Provided data section start
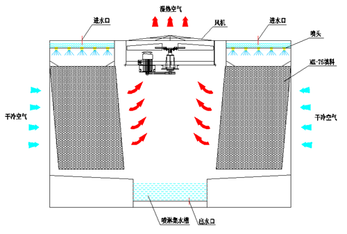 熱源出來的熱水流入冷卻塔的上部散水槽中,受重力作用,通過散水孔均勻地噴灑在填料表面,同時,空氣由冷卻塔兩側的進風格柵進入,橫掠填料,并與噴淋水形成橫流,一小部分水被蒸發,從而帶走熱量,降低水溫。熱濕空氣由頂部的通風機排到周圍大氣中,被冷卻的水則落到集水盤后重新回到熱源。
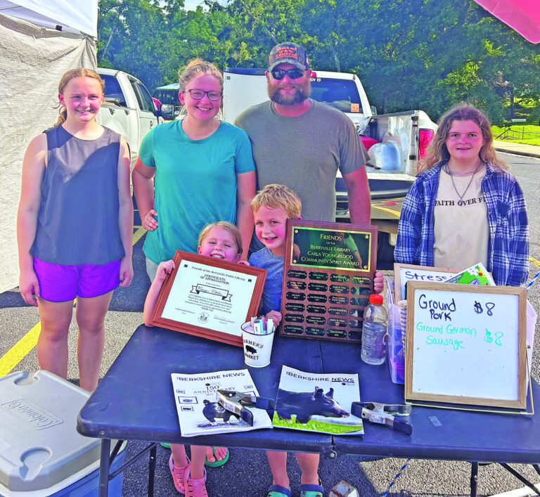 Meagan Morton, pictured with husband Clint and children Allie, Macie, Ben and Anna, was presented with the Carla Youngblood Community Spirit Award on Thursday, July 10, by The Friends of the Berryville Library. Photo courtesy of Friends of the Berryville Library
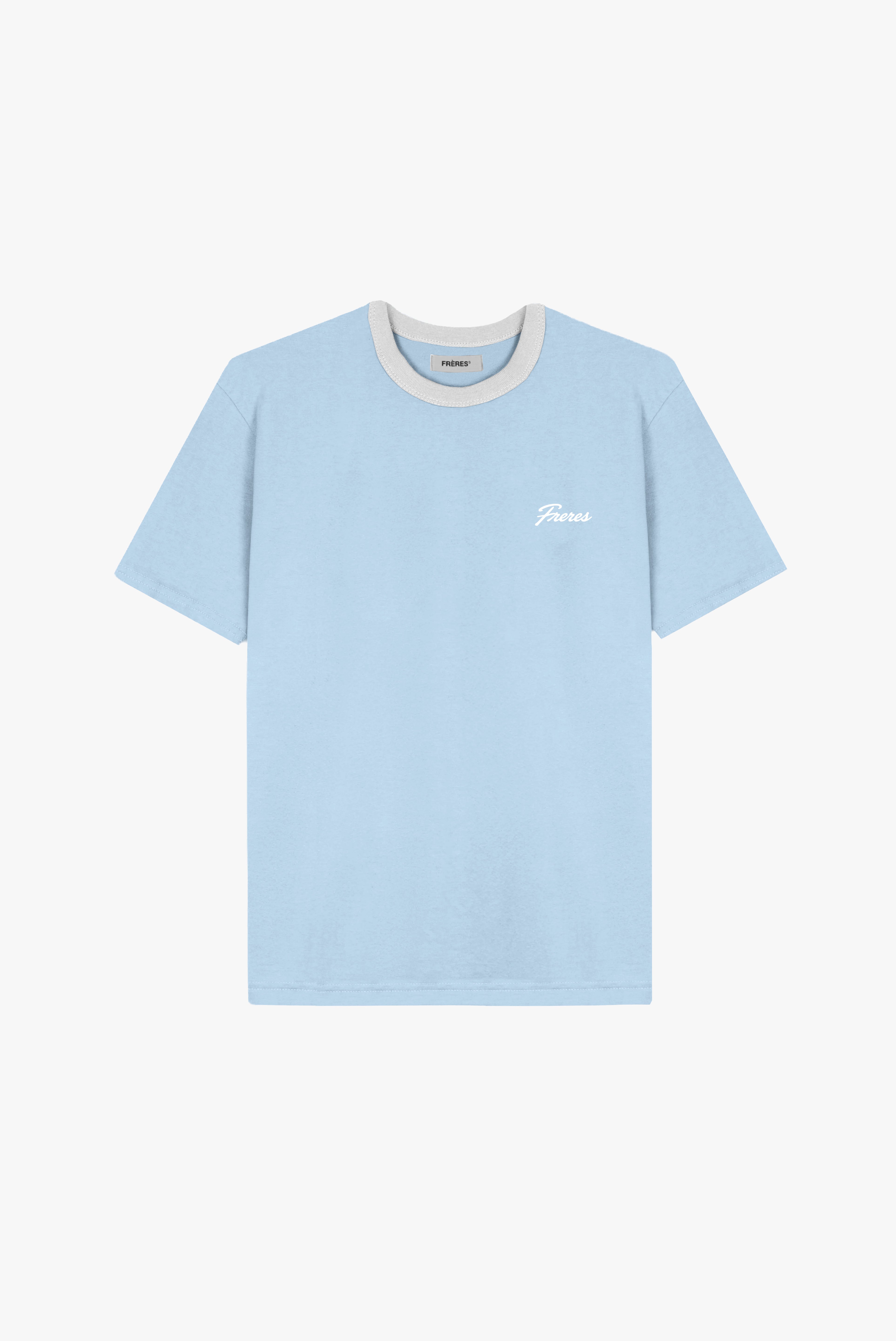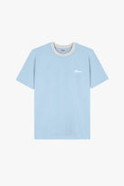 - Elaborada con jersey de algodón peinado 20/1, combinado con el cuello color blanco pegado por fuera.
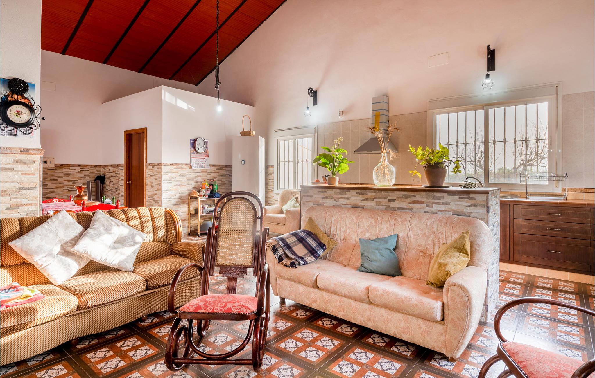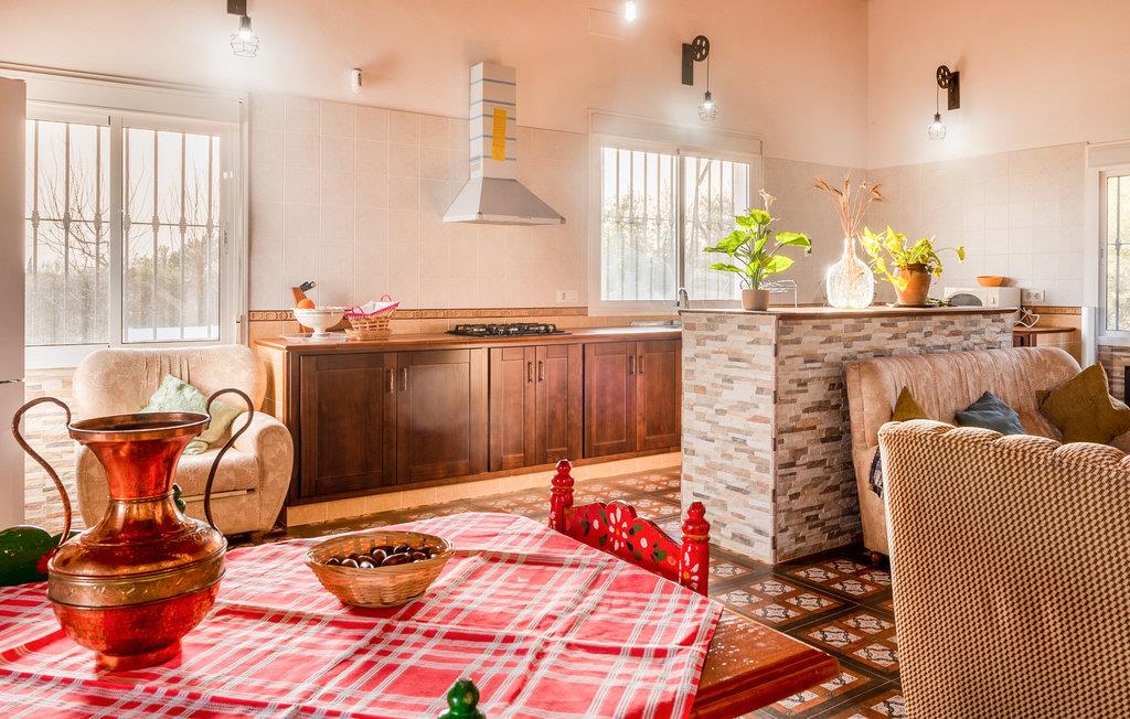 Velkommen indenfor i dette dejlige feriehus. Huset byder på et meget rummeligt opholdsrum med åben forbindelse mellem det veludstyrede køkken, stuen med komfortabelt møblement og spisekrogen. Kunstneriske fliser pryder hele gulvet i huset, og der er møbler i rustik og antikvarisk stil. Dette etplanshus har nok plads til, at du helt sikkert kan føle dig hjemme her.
Provided data section end
__Instructions to follow__:
When you reach the line containing "- Elaborada con" in the listing above, reproduce it and every line after it through the last, exactly; omit the pictures.

__Response for this exercise__:
 - Elaborada con jersey de algodón peinado 20/1, combinado con el cuello color blanco pegado por fuera.
 Velkommen indenfor i dette dejlige feriehus. Huset byder på et meget rummeligt opholdsrum med åben forbindelse mellem det veludstyrede køkken, stuen med komfortabelt møblement og spisekrogen. Kunstneriske fliser pryder hele gulvet i huset, og der er møbler i rustik og antikvarisk stil. Dette etplanshus har nok plads til, at du helt sikkert kan føle dig hjemme her.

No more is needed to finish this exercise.